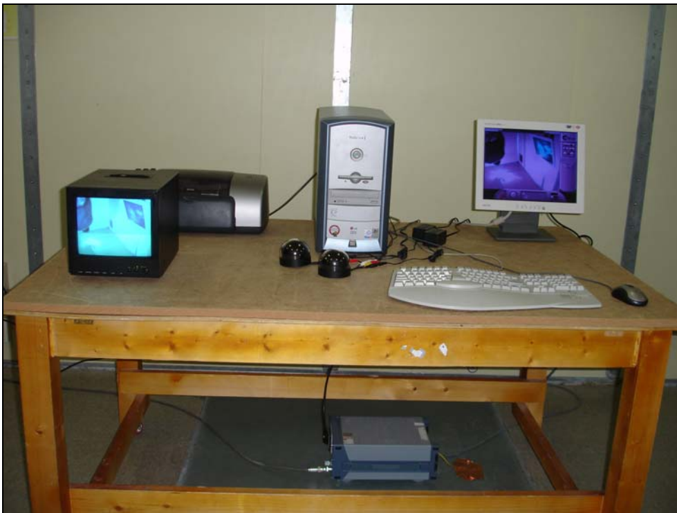
Photograph 1: Setup for Conducted Emissions
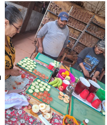
Dehydration of Fruits and Vegetables
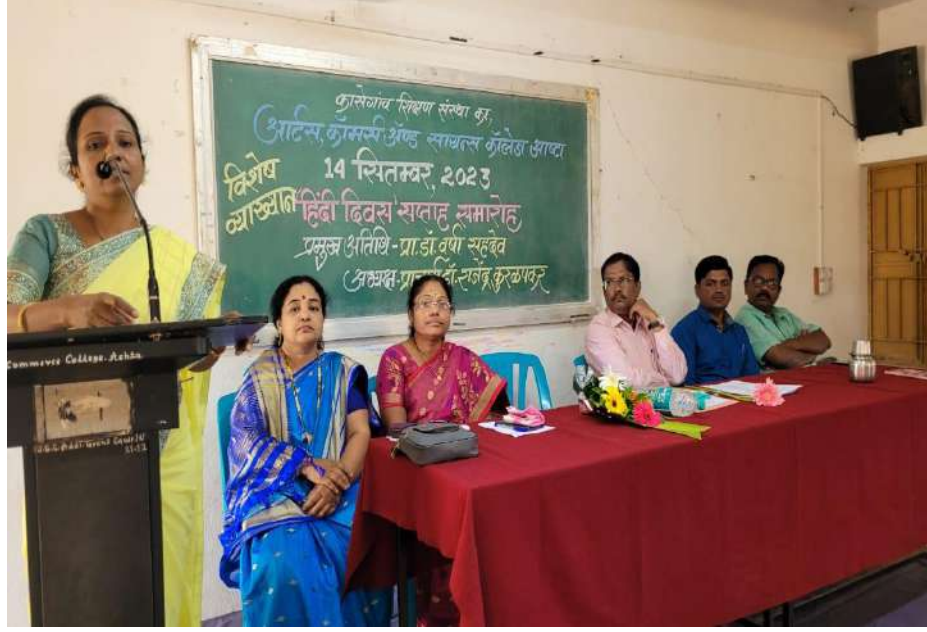
Celebrating Hindi Din
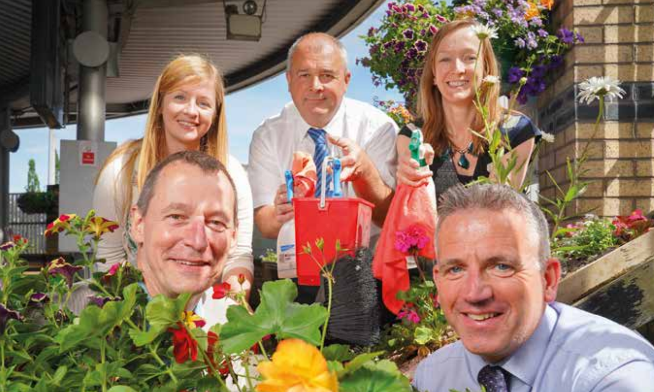
Launch of The Spirit of Translink Facility Awards
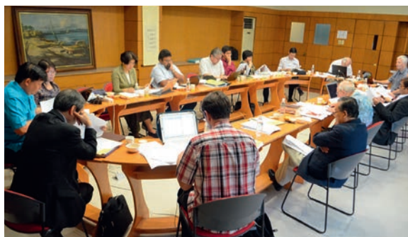
The ATA leaders planning for the 2016 Triennial General Assembly
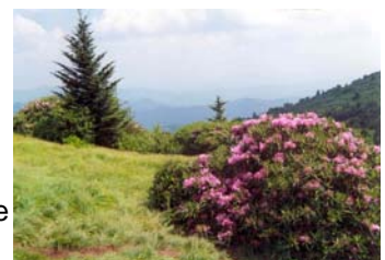
Blazing colors pop during the Rhododendron Festival at Roan Mountain.

The 62nd annual Roan Mountain Rhododendron Festival at Roan Mountain State Park features the world's largest natural rhododendron gardens. Free demonstrations and entertainment will be featured in the park amphitheater all day both days. A variety of arts, crafts, food and drink will be available. Sponsored by the Roan Mountain Citizens Club, the festival is nationally known and happens to be a favorite stopping point along the Appalachian Trail. The rhododendrons achieve peak bloom each year in mid-June. Bring the family for a weekend of fun, food, crafts, mountain music and clogging in the friendly village of Roan Mountain. For more information contact Donna McKinney at (423) 772-3303.
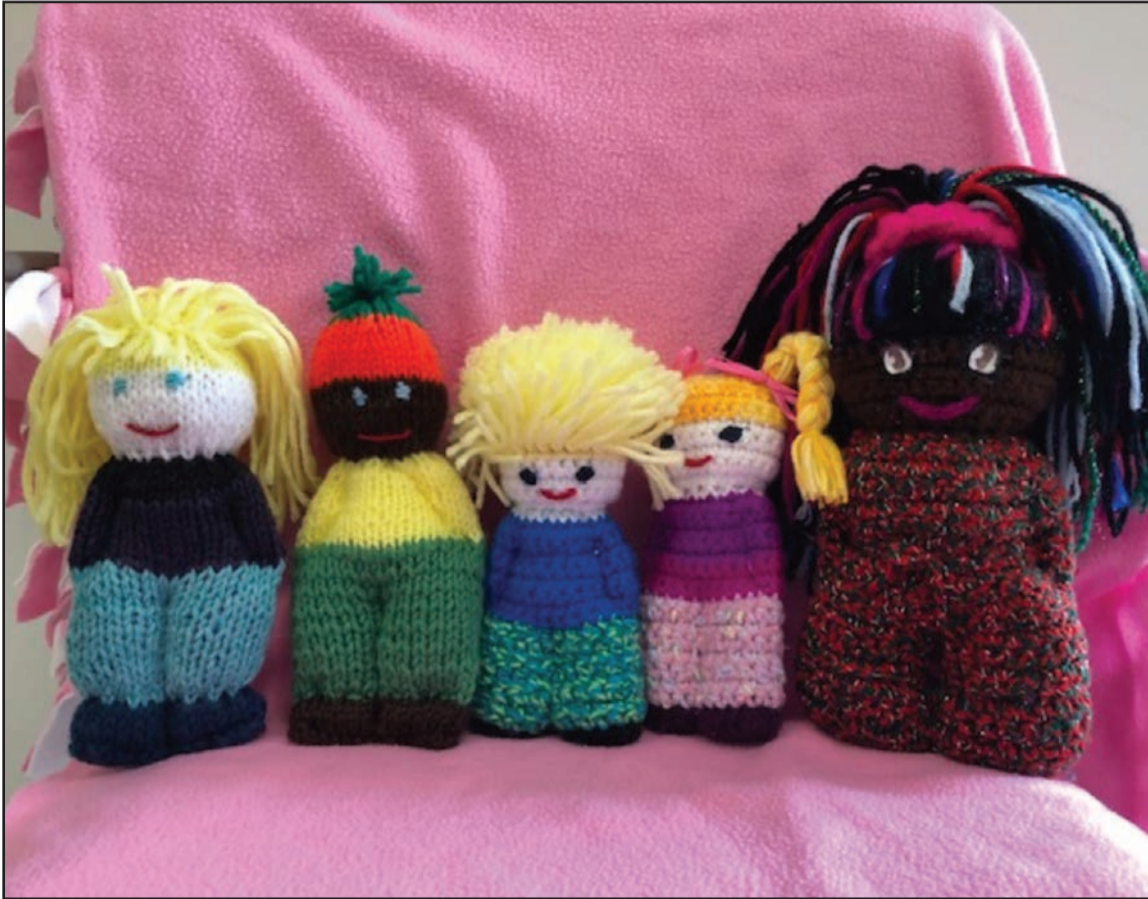
Fibre Friends, a knitting group at the Edson Continuing Care Center, made these Izzy Dolls which will be given to children in need.
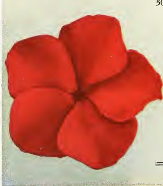
Phlox, Baron Van Dedem

PHLOX, THOR. Salmon-pink with a deep red eye. Individual flowers are as large as a half-dollar. A rare and handsome variety. 50 cts. each, $4 for 10, $30 per 100.
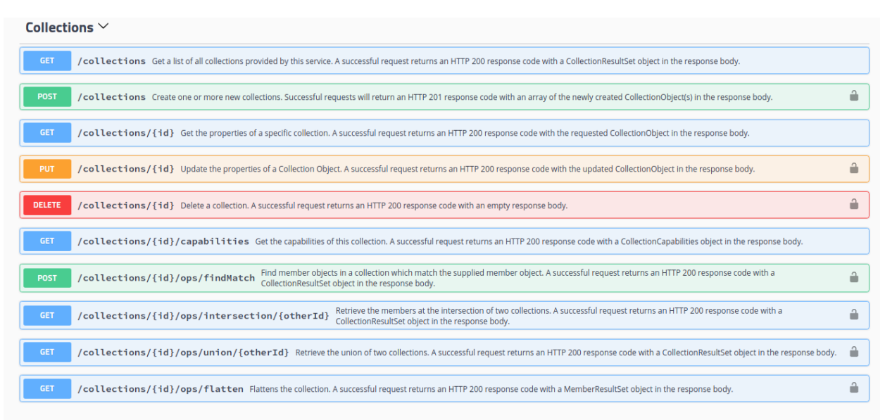
Figure 3: Screenshot of the Swagger UI view of the collections operations.
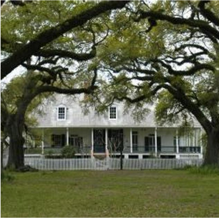
Descendants of Spanish explorers and settlers made their homes along the bayous, in large plantations, and in the port cities of the Gulf Coast.

Confederate Gen. Robert E. Lee and fought at battles such as Antietam and Gettysburg.
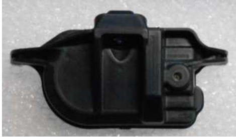
Top view of Transmitter
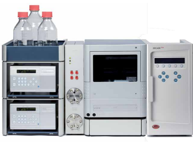
Figure 1: ALEXYS Aminoglycosides Analyzer.

The analysis of the byproduct contribution in bulk tobramycin and preparations is important as to insight in stability, quality control and authenticity. A number of qualitative and quantitative methods has been published so far [1] but the focus is mainly on tobramycin and not on the by-products. Because of the presence of sugar groups in both tobramycin and by-products LC with pulsed amperometric detection (PAD) is a highly selective and sensitive analytical tool [2].
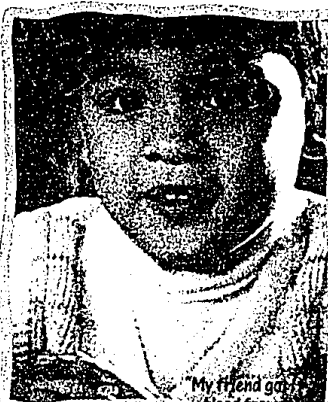
My friend got blood from the Red Cross and got all better again."
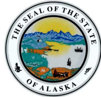
The Great Seal of Alaska
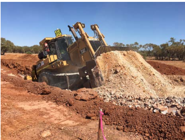
CAPTION: D9 dozer undertaking trial stripping of shale overburden at Ardmore.

Successful dozer stripping trials of the overburden were completed in February 2018. The trials were overseen by dozer stripping experts from MEC Mining with the purpose of providing accurate productivity factors to feed into the Feasibility Study. Not only were productive dozer pushing rates achieved during the trials without the need for blasting, there was also no need for any ripping of the weak shale overburden by the dozer.
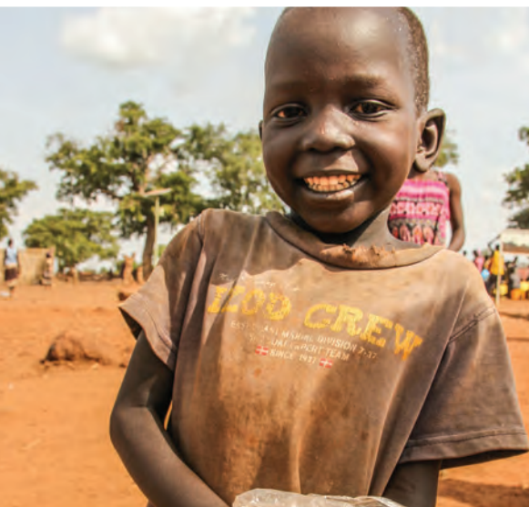
A young boy from South Sudan plays at his new home in Uganda.

'Food is essential to everybody and thus has been used as an important mobilisation tool for child protection. For example, all the 38 Food Management Committees have received training on child protection and have been able to identify and refer vulnerable children, especially child-headed households, and ensure that they receive food. In this way, we have been able to mainstream child protection in food distribution.' – World Vision Staff
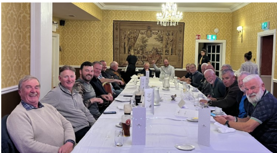
DTAA end of season meal in Greville Arms Hotel after McCarron Cup, September '24
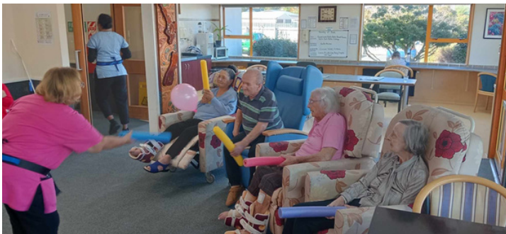
Daily Exercise and Games at Hospital
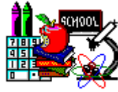
Education & Kids
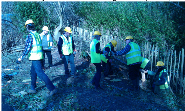
Volunteers helping lay hedge row by Urban Nature

A special thank you has to go to our partners, Groundwork Greater Nottingham and the Nottinghamshire Wildlife Trust who supplied willow, hazel and malus (crab apple) trees and assisted with the planting. Groundwork also provided 300 primrose and cowslip plants for use in the conservation areas, within the wildflower meadow adjacent to the Community Orchard and at Oliver's Heritage Gardens.
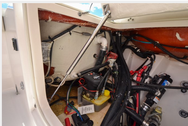
2021 Blue Wave 2800 Makira 53
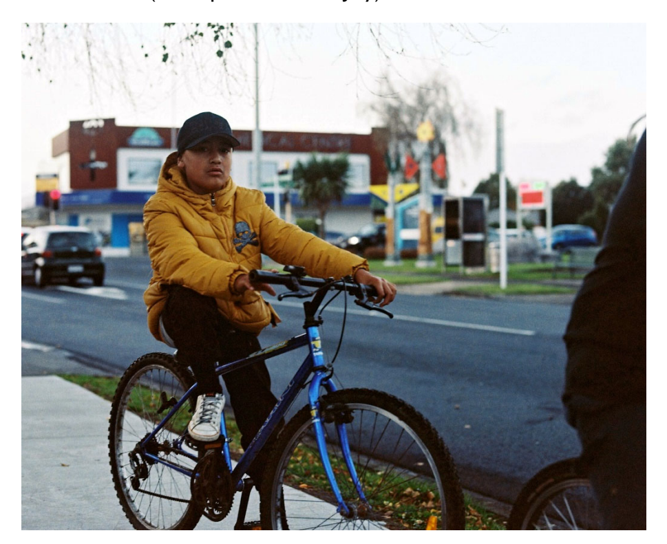
Figure 7. Treynar, 2017.

These immediate images taken as a response to Amituanai's observations of the subject convey the sovereign identity of the individual as they desire. Some kids are snapped as they exceed codes of conventional public behaviour such as in Tups hits the human flag , 2016. Every photo is responsive to the subject; for Amituanai 'every picture needs to be based in 'a connection' (2020, pers. comm. 3 July).
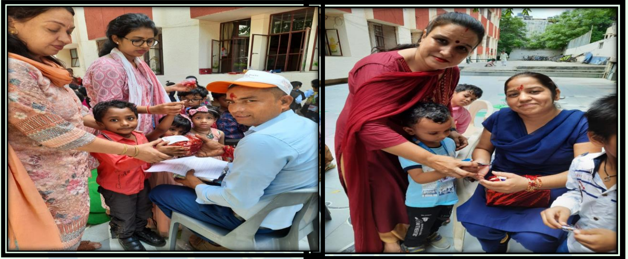
Students tied Rakhis to the supporting staff and thanked them for their support.

Raksha Bandhan Celebration Raksha bandhan, a festival of unique bond of relationship, was celebrated in a superb way this year i.e. by tying Rakhis to our backbone, the supporting staff of the school and thanking them for their support. The kids of the school also visited the nearby MCD school and tied Rakhis to the students and were instrumental in bringing happiness to their faces. The tiny tots presented a spellbinding performance by singing the special 'Raksha Bandhan' song which touched the hearts of everyone present there. It was a mesmerising and joyous experience..... seeing is believing..... for everyone.
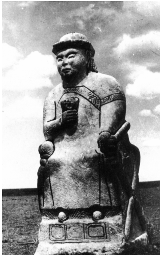
Fig. 1. Stone marble statue, 13 th century, Sühbaatar province, Dariganga sum. Tsultem 1989: n°56.

rosary in their left hand, others hold the cup with both hands. Their face generally looks towards the southeast. Their clothes and hats are comparable to those of Yuan tomb mural paintings' figures such as that of Yuanbaoshan 元寶山 (fig. 18), to real robes and hats found in tombs, and also fit with the section on costume in the official Yuan History : 6 male robes fastened to the right, sleeves tight-fitting at the wrist, belt from which are suspended personal accessories, boots, caps or turbans. 7 The majority of them are sitting on a folding chair ( jiaoyi 交椅) with a round back, armrests, and feet-support.
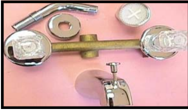
◀ 36171 - 8" Two-Valve Brass Tub Shower Diverter - *Includes shower head, arm and flange
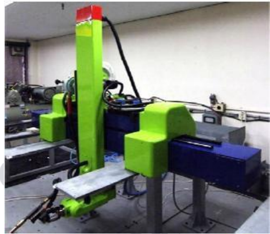
Figure 1: RRX4 Mobile Welding Robot [8]

Control system in robotic arc welding is categorized in two; open-loop system and closed-loop system. Open loop system is the basic concept of any control system in welding process, while closed-loop system is the improved system. There are optimal control, adaptive control, and intelligent control.
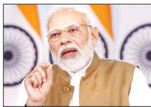
Prime Minister Narendra Modi on Sunday hailed Indian athletes' performance at the World University Games in Chengdu, saying they had done the nation proud by returning home with a record haul of 26 medals.

Speaking on Mann Ki Baat, the PM said, "India displayed its best performance in the Games (WUG) this time. Our players won 26 medals in all, out of which 11 were gold medals. You will be pleased to know that even if we add all the medals won in all the World University Games that

Activity: An exact transcription is needed of the lines from the one with "Fibre Friends, a" to the one with "CAPTION: D9 dozer" above, both ends included, with pictures left out.

Reply:
Fibre Friends, a knitting group at the Edson Continuing Care Center, made these Izzy Dolls which will be given to children in need.
Phlox, Baron Van Dedem

PHLOX, THOR. Salmon-pink with a deep red eye. Individual flowers are as large as a half-dollar. A rare and handsome variety. 50 cts. each, $4 for 10, $30 per 100.
Figure 3: Screenshot of the Swagger UI view of the collections operations.
Descendants of Spanish explorers and settlers made their homes along the bayous, in large plantations, and in the port cities of the Gulf Coast.

Confederate Gen. Robert E. Lee and fought at battles such as Antietam and Gettysburg.
Top view of Transmitter
Figure 1: ALEXYS Aminoglycosides Analyzer.

The analysis of the byproduct contribution in bulk tobramycin and preparations is important as to insight in stability, quality control and authenticity. A number of qualitative and quantitative methods has been published so far [1] but the focus is mainly on tobramycin and not on the by-products. Because of the presence of sugar groups in both tobramycin and by-products LC with pulsed amperometric detection (PAD) is a highly selective and sensitive analytical tool [2].
My friend got blood from the Red Cross and got all better again."
The Great Seal of Alaska
CAPTION: D9 dozer undertaking trial stripping of shale overburden at Ardmore.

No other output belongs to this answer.